In my opinion, being a very good and very successful project manager takes many skills, a little luck, good connections, some training and the ability to wear a bunch of different hats on the same job. Along the way I’ve witnessed some beliefs and opinions about project management that I think fall more in the myth realm than reality and I’d like to address those here. Please be thinking about your own list and feel free to share your thoughts.
Good project managers are born.
Leaders may be born…and I realize birth order in the family can have a lot to do with it. But born project managers? I’m not to sure about that. Imagine the delivery room and this baby comes out and the joyful mother proclaims loudly, “I bet he’s going to be a great project manager!” Never gonna happen. Or in 6th grade little Arthur starts to map out all of his current and upcoming class work on a gantt chart. I don’t think so. The best project managers may have some key personality traits – I fully believe that to be true – but I don’t think anyone is born to be a project manager.
Project management is all reporting and organization.
Yes, reporting and being organized is a big part of being a project manager. Status reports drive customer focused meetings like the weekly formal status report and they contribute to bigger dog and pony shows on longer projects and government projects when big quarterly reviews are required. The project manager must also be very organized – staying on top of the project schedule, budget and resource plan throughout the project engagement to ensure that everything stays on track. However, it is not all about reporting and organization. It’s about leadership, confidence, decision-making, task delegation, risk planning and management, financial acumen to keep the budget on track, negotiation and conflict resolution. And probably 100 more things I didn’t just include, but can’t think of at the moment.

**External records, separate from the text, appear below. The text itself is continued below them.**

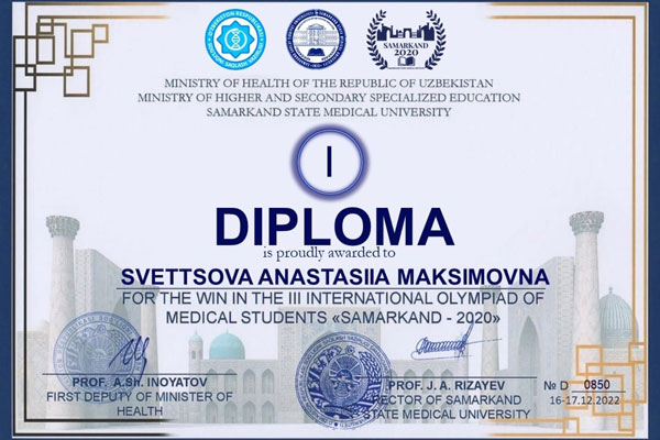 В студенческой олимпиаде «Самарканд-2020» под руководством более чем 120 наставников приняли участие свыше 3000 студентов в онлайн и традиционном формате из 76 высших медицинских учебных заведений России, Турции, Польши, Белоруссии, Украины, Казахстана, Киргизии и других стран. Студенты нашего университета показали профессионализм и высокий уровень знаний. Поздравляем всех участников и победителей!
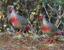 黄腹角雉:是鸟纲、雉科中国特产的一种鸟类。体长约50-65厘米。雄鸟上体栗褐色,…
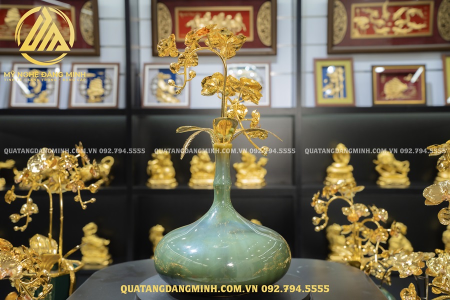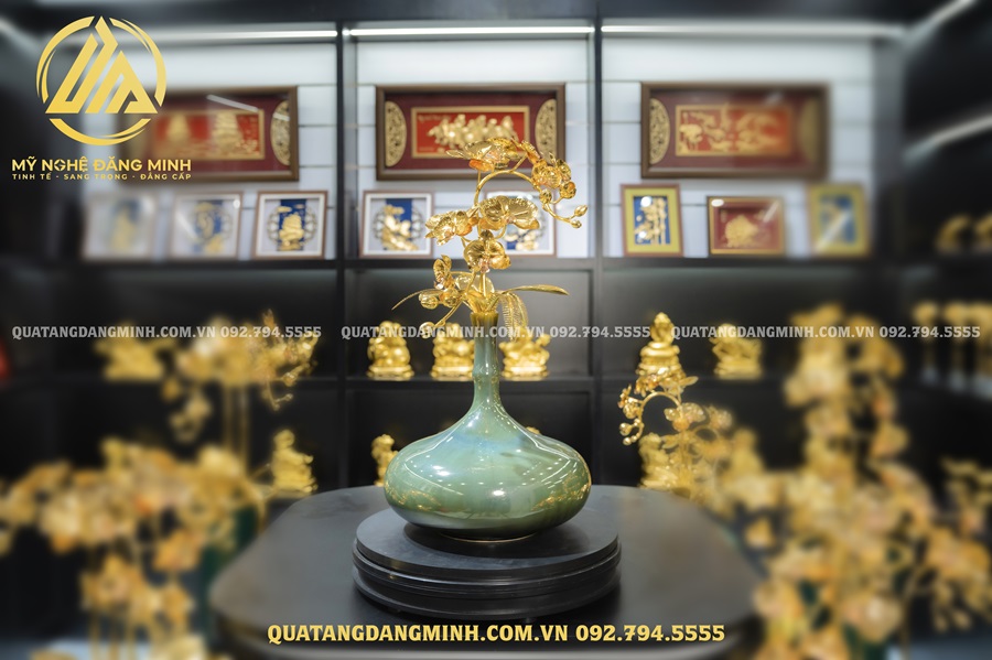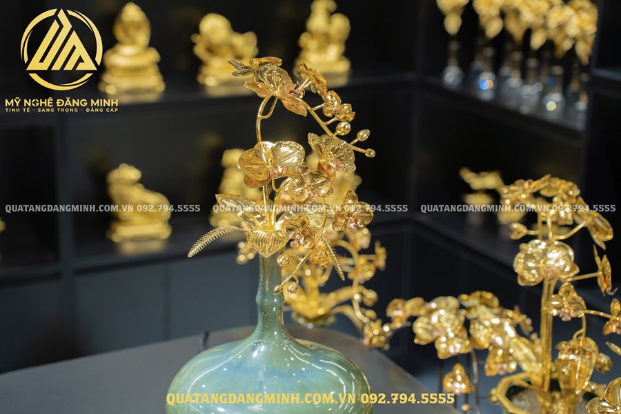 Cỏ cây, hoa lá luôn mang đến cho con người cảm giác thư giãn, là nguồn cảm hứng vô tận cho các nghệ nhân. Quà tặng bằng đồng tạo hình hoa lan vì thế sẽ là món quà tặng vô cùng sang trọng và ý nghĩa. Mời quý vị tham khảo mẫu bình hoa Lan Hút Lộc mạ vàng 24k dưới đây.
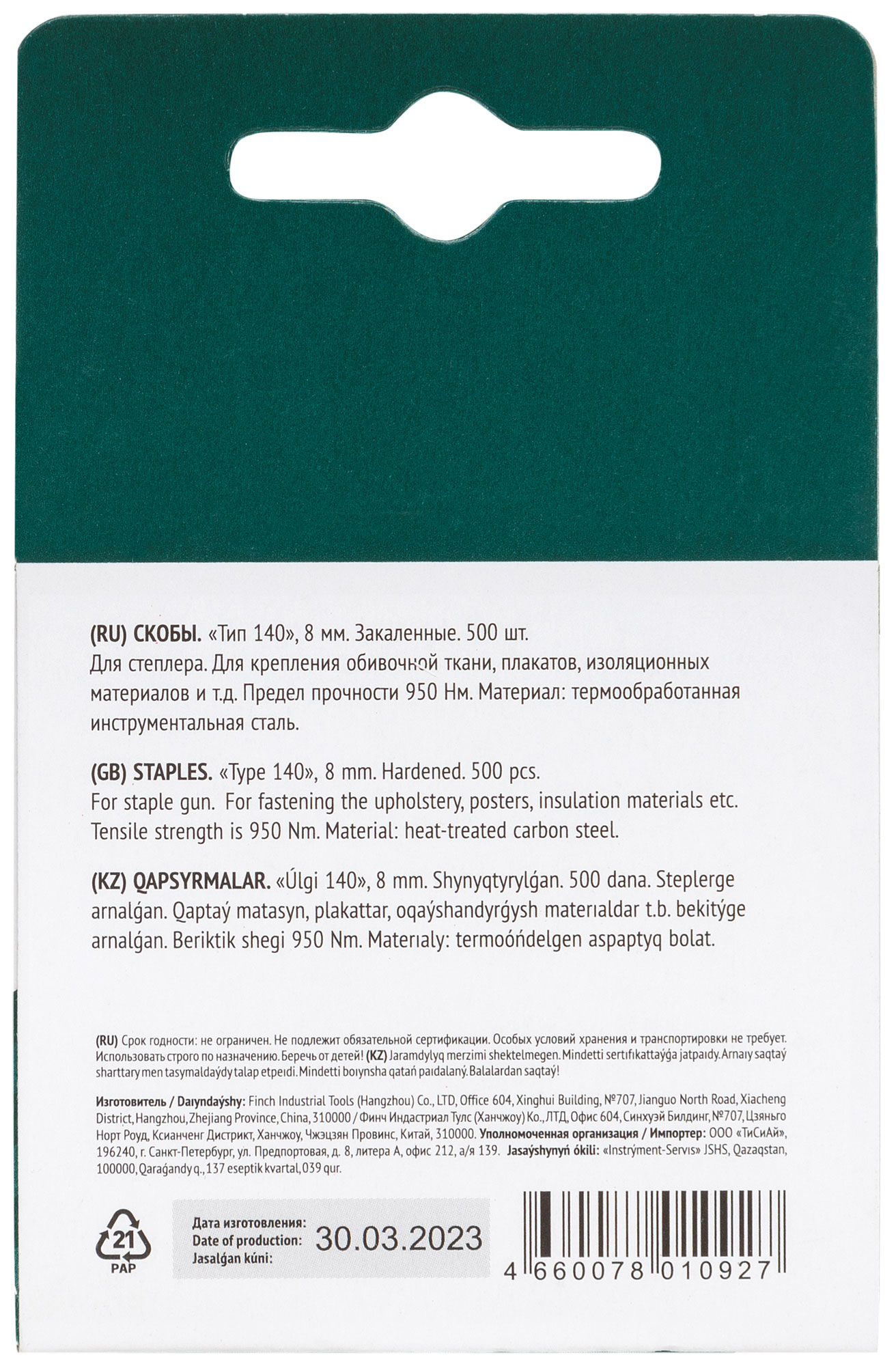 Эти скобы, тип 140, упакованы в удобную коробку с подвесом, что облегчает хранение и транспортировку. В комплект входит 500 штук, что делает их экономичным выбором для больших объёмов работ.
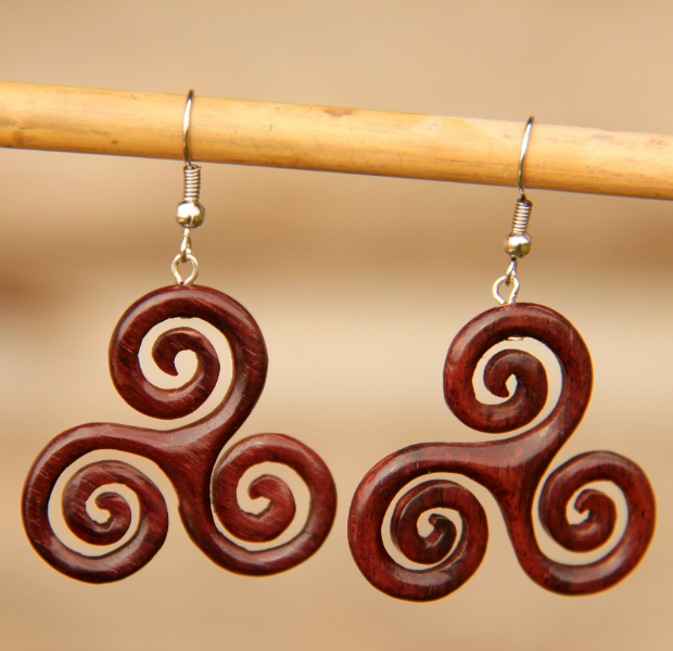 Dřevěné náušnice "Tři spirály"
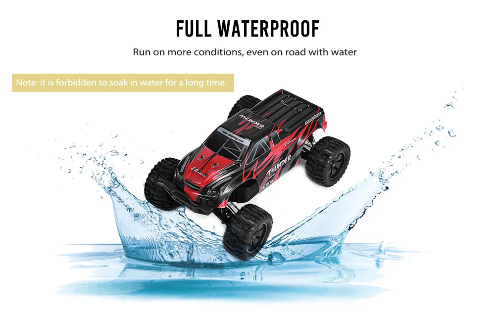 Оснащен 3660 полностью водонепроницаемым бесщеточным двигателем, стандартным сервоприводом 6 кг, батареей 2400 мАч, передатчиком 2,4G 3CH, скорость радиоуправляемого автомобиля до 60 км/ч и может иметь дело со всеми видами грубых дорог, таких как пески, луг, гравий. Кроме того, запасной светодиодный светильник на передней панели отлично подходит для игроков, которые любят DIY.

If you can delegate you can manage projects.
Being able to delegate is a skill. It isn’t just handing out the next task to whoever has room on their plate for it. It’s about understanding resource availability, knowing how soon your project resources may be scheduled on another project for a period of time, knowing which team member has the right skills to take on a particular task, and even when to assign particular tasks to the project customer to keep them engaged on the project. It requires an ability to see the project as a whole and at a very high level when necessary. Getting the right task assigned to the right individual is critical to the forward momentum of the project.
Anyone can run a decent meeting.
Anyone can call a meeting. Getting the attendees prepared and informed in advance, getting them in their seats at the meeting, keeping them engaged, and making sure that everyone leaves on the same page after the meeting…that takes good skills that you hone over time. The PM needs to send out an advance agenda that is detailed, but straightforward. You want everyone to see it and know what they need to come prepared to discuss and contribute. The PM needs to start on time and end on time to get the most out of this meeting and to gain the reputation of the good meeting facilitator who’s meetings you should always attend because they start and end on time and accomplish what they should. They will know you won’t always be wasting their time. And followup at the end and after the meeting to ensure everyone is on the same page – that’s critical.
You can always learn along the way.
“Fake it till you make it.” That may work on some things. And on some aspects of project management. But you can’t fake it as a project manager on the whole and hope to succeed. If you’re a first time PM, you likely need – and will be assigned…hopefully – a mentor. But you can’t “just wing it” – luck will not get you very far. You need the key skills – many of which I’ve already mentioned above – in order to really be a successful, effective and productive project manager.
Project management is project management no matter the industry or project content.
Sometimes and across certain industries this may be true. Not 100%, but maybe 80% – maybe enough to have technical project manager lead a real estate project…assuming they have the proper help for permits, etc…that’s the missing 20%. But it won’t translate to all industries and those missing 20%’s will need to be learned pretty quickly or failure is imminent.
Summary / call for input
This is my list of some top PM myths that come to mind. Do you agree? What’s on your list? What would you add that people seem to assume about project management that you know not to be true. Please share and discuss.